Неужели утро? Да. За окном прозрачная свежая дымка; уже плавятся стекла верхних этажей; тополя, встречая солнце, замерли с просветленными вершинами и медленно опускают к ногам, на землю, влажные и легкие теневые одежды.

Михаил шел серединой улицы по мостовой. За огородами начинались запасные пути. Здесь всегда хлопотал маневровый паровоз-инвалид, отставленный по ветхости от пассажирской и товарной службы. Бодро погромыхивая на стыках, он подбегал к составу. Тонким голосом он приглашал Михаила полюбоваться на его удаль. Никогда ему не удавалось стронуть вагоны сразу. Он лязгал буферами, шипел, хрипел, пар тугой струей хлестал из всех скрепов и фланцев. Колеса вертелись на одном месте, как будто паровоз был чуть-чуть, незаметно для глаза, приподнят над рельсами.

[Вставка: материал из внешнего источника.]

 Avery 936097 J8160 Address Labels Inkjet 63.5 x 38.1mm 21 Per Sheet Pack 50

Из будки управления вылезал машинист Петр Степанович и с проклятием сыпал под колеса песок.

– Люди топливо экономят! Людям премию дают! – кричал он. – Так люди на паровозах ездят! А это что?

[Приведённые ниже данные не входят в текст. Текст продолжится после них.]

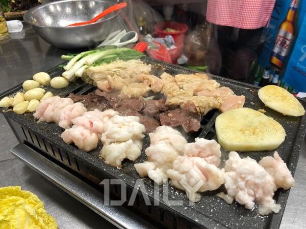 ÁÖ¹®°ú µ¿½Ã¿¡ ±âº»ÂùÀ¸·Î ½Ó ä¼Ò, ¼Ò½º, °íÃßÁö¸¦ ³»¾îÁִµ¥, ƯÈ÷ ½Ó ä¼Ò°¡ Ưº°ÇÏ´Ù. »óÃß, ¹èÃß, ²¢ÀÙ, ¾¦°«, ´ç±Ù µî ´Ù¾çÇÑ ½Ó ä¼Ò¸¦ Á¦°øÇϸç, ºÒÆÇ À§¿¡ °í±¸¸¶¿Í ¸¶´Ã, ÂÊÆÄ, ÆØÀ̹ö¼¸±îÁö ¿Ã·ÁÁØ´Ù. ´Ù¾çÇÑ ºÎÀ§¸¦ Áñ±æ ¼ö ÀÖ´Â ¡®¸ðµÒ ¸Þ´º¡¯¸¦ ¸¹ÀÌ Ã£´Âµ¥, ´ëâ, ¼Òâ, ¸·Ã¢, °öâ, ¿°Åë ÃÑ 5°¡Áö ºÎÀ§¸¦ ´ÙÁø ¸¶´Ã ±â¸§Àå¿¡ ¹ö¹«·Á ³ª¿Í µ¶Æ¯ÇÑ ¸À°ú dz¹Ì¸¦ ÀÚ¶ûÇÑ´Ù. Àç·áµéÀÌ ¿ö³« ½Å¼±ÇØ Â̱êÇÑ ½Ä°¨°ú Àâ³»µµ ¾øÀ¸¸ç, À̸ð´ÔµéÀÌ ÀüºÎ Á÷Á¢ ±¸¿öÁֱ⠶§¹®¿¡ ¸Ô±â ÆíÇÏ´Ù. °í±â¸¦ ´Ù ¸Ô°í ³ª¸é Àοø ¼ö´ë·Î ±èÄ¡·Î ½Ñ ÁÖ¸Ô¹äÀ» ¿Ã·ÁÁִµ¥ ÀÌ°Ô ¶Ç º°¹Ì´Ù. ¸ÅÄÞÇÑ ±èÄ¡°¡ ´À³¢ÇØÁø ¼ÓÀ» ±ò²ûÇÏ°Ô Àâ¾ÆÁà È®½ÇÇÑ ¸¶¹«¸®¸¦ ´ã´çÇÑ´Ù.

Паровоз заглушал его слова отчаянным шипением; вверху пар, охлаждаясь, сгущался и падал водяной пылью.

– Не идет? – спрашивал Михаил.

– Нет! – горестно отвечал Петр Степанович. – Ни в какую. Видишь ты – ни силы в нем, ни тяжести. Он сам под собой и крутится…

Петр Степанович сдвигал на затылок кепку с покоробившимся козырьком.

– Состав, что ли, тяжеловат?

И прикидывал прищуренным глазом длину состава.

Паровоз в это время продолжал крутить колесами на одном месте, натягивал сцепы, стучал буферами. Но Петр Степанович знал, что паровоз без него все равно никуда не уедет, и не торопился вернуться в будку.

– Не стронет, окаянный! Вот и получи с ним премию! Топливо сожрет, как порядочный, а возить – его нету! Эй, Маркелыч! – кричал он сцепщику. – Не берет, холера! Давай расцепляй, в два раза перевезем…

На этой ветхой машине Михаил под руководством Петра Степановича начинал изучение трудного дела – водить поезда. Потом его перевели помощником к машинисту Яну Яновичу Вальде. Прощаясь с Михаилом, Петр Степанович говорил.

– Ты, Миша, держись за этого Вальду. Этот Вальда очень головастый человек, он из тебя машиниста сделает первого класса. Я его давно знаю – он у меня помощником ездил на бронепоезде «Гром». Что было – только смеху подобно! Он по-русски не говорит, а я по-латышски не понимаю.

Петр Степанович улыбнулся, пожевал губами.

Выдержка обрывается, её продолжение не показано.